In my case, x = 49.000
, r = -0.003
-> N = x/r = 49/-0.003 = -16333.(3)
, we round the result to get an integer and we get N = -16333
.
Now that I know N
, if I want my pixel edge to be at 49.00
:
(N*r + a) = 49.00
-> a = 49.00 - N*r
-> a = 49.00 - (-16333*-0.003)
-> a = 0.001
Maybe all of this should be documented better in the ODC docs? This rounding to integer (when computing N
) is what creates the unexpected pixel center. Probably a good example could avoid other people having the same doubts that I solved thanks to you!

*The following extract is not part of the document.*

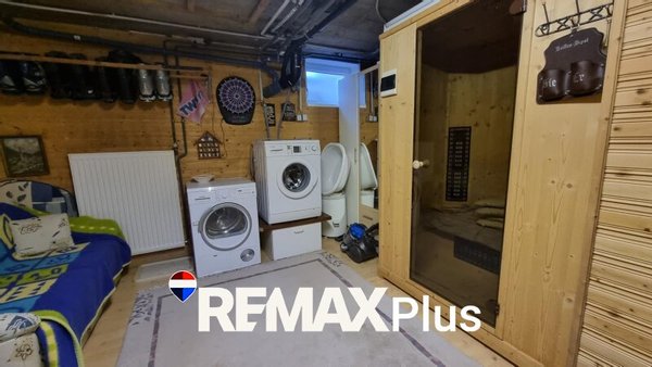 Das teil unterkellerte Haus verfügt im Kellergeschoss über einen Kellerraum mit Sauna sowie ein Kellerstüberl mit Barbereich, das sich ideal für gesellige Abende oder Feiern eignet. Ergänzt wird das Kellergeschoss durch den Heizraum. Die gesamte Kellerfläche beträgt etwa 34,59 m².

Edit: is the rounding to get N
always down to the closest integer?
There's a lot that could be better documented in the ODC docs. Documentation PRs are most welcome!
Re: load v storage in product metadata.
Storage should be deprecated - use load. The exact behaviour of storage at the moment is complicated, but it almost definitely doesn't do what you want. Yes, the documentation is wildly incorrect.